For this reason, Article 33 of the Community Regulation obliges each Member State to establish an appropriate system for monitoring and controlling waste shipments carried out exclusively within its jurisdiction. This system must take into account the need to ensure consistency with the Community regime established by Titles II and VII of the Community Regulation itself (which regulate respectively shipments within the Community with or without transit through third countries and additional provisions relating to environmental protection, inspections of establishments and companies, as well as infringements and sanctions).

II

To comply with the mandate contained in the aforementioned Article 33 of the Community Regulation, Law 22/2011, of July 28, on Waste and Contaminated Soils, has established a legal framework to regulate the transfer of waste within the territory of the State, based on the principles of international and Community law.

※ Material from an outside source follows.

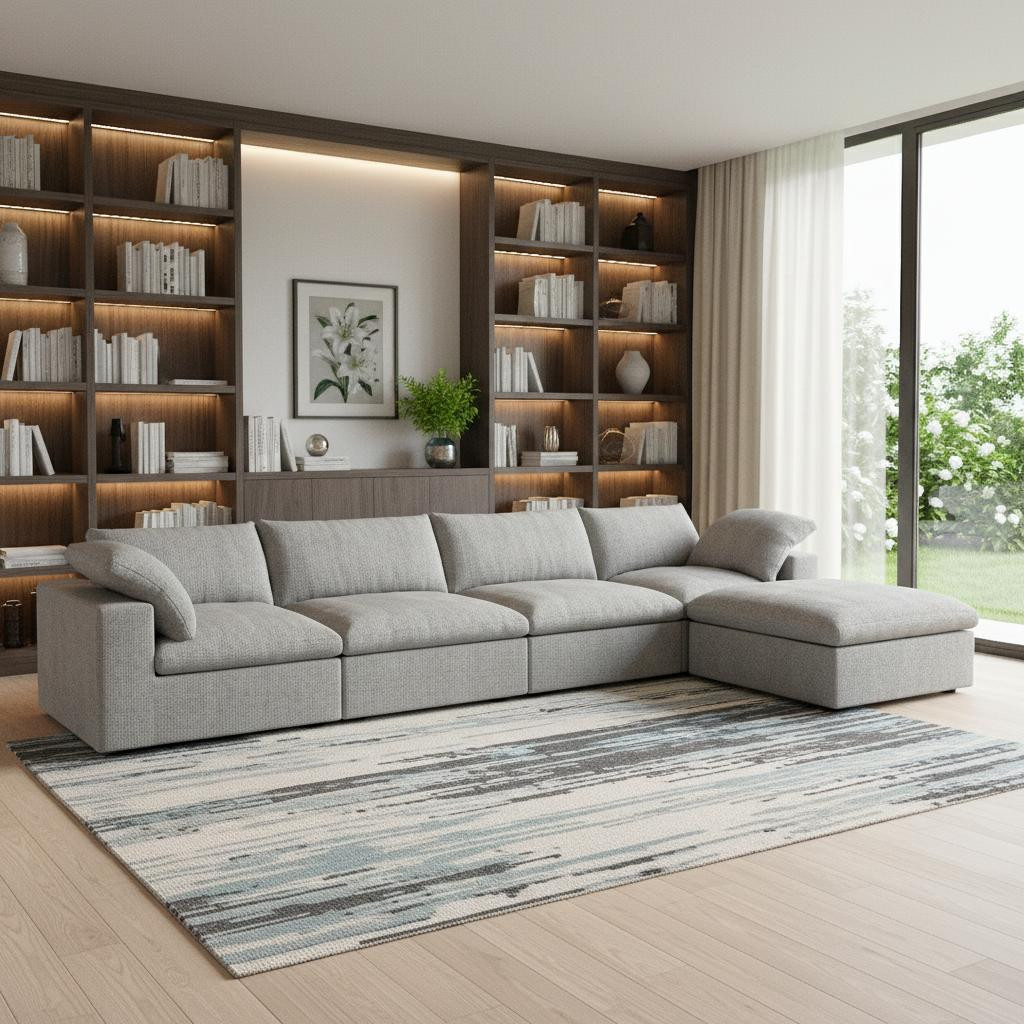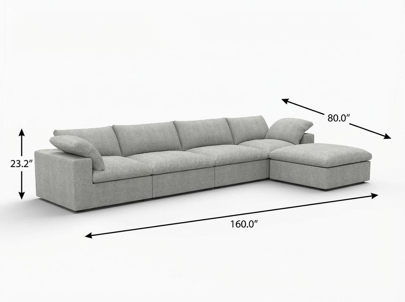 Transform your home's interior with this luxurious 160-inch light gray linen blend modular sofa with ottoman and storage. Solid colors give you lots of decorative options and are easy to work into your decor scheme. Removable back cushions make this sofa easy to manage. A comfy ottoman is included as part of the package. Great to rest your feet or provide extra seating in a pinch. Track arms offer a comfy place to rest. Black solid wood legs effortlessly elevate the room and add a touch of contemporary design. A great showpiece for your room, this sofa is a must have. 23.20-inch h x 160.00-inch w x 80.00-inch d.

It should be noted that this is not the first time that the matter has been addressed in our legal system. Royal Decree 833/1988, of July 20, approving the Regulation for the implementation of Basic Law 20/1986, on Toxic and Hazardous Waste, already regulated the obligations related to the transfer of waste, albeit limited to the then-called «toxic and hazardous waste» – «hazardous waste» in the current terminology – in line with the then-prevailing Community law: Council Directive 84/631/EEC of December 6, 1984, on the supervision and control of shipments of waste within, into, and out of the European Community.

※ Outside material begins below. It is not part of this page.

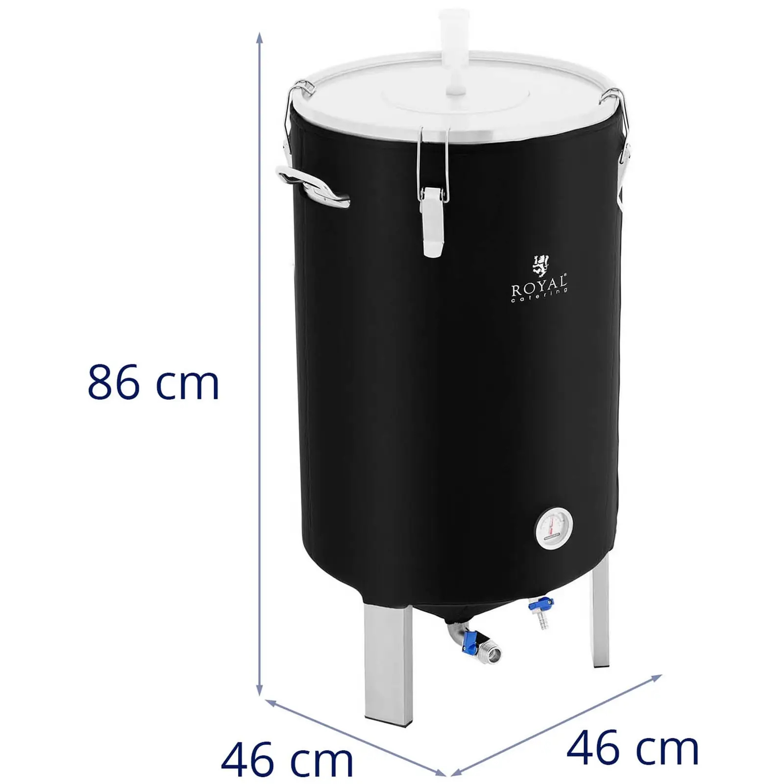 Pojemnik fermentacyjny marki Royal Catering sprawdzi się zarówno w użytku profesjonalnym, jak i amatorskim. Umożliwi bezpieczne przygotowywanie wina lub piwa. Zbiornik spełnia wymagania dla branży gastronomicznej.

This Royal Decree is repealed, among other reasons, because, as already mentioned, its purpose was limited to the regulation of a specific type of waste and because, over time, successive regulatory developments have altered the legal framework, which now includes not only the aforementioned Law 22/2011, of July 28, but also Law 22/2011, of July 28, on Waste and Contaminated Soils, and its implementing regulations, Royal Decree 180/2015, of March 13, on the transfer of waste within the territory of the State, which are now being approved.

III

Royal Decree 180/2015, of March 13, responds to the need to ensure a high level of environmental protection and human health throughout the territory of the State, as required by the Community system, and therefore establishes the requirements and procedures for the transfer of waste within the territory of the State, as well as the regime for the organization and functioning of the administrative bodies responsible for the supervision and control of these transfers.

IV

This Royal Decree, which is structured in six titles, a transitional provision, a repealing provision, and two final provisions, seeks to ensure that the transfer of waste within the territory of the State is carried out in a controlled manner and in accordance with the principles of proximity and self-sufficiency in waste management, prioritizing, as required by the Community system, the prevention of waste generation and the promotion of its reuse, recycling, and other forms of recovery, as well as the disposal of waste in accordance with the hierarchy of waste management established by Law 22/2011, of July 28, on Waste and Contaminated Soils.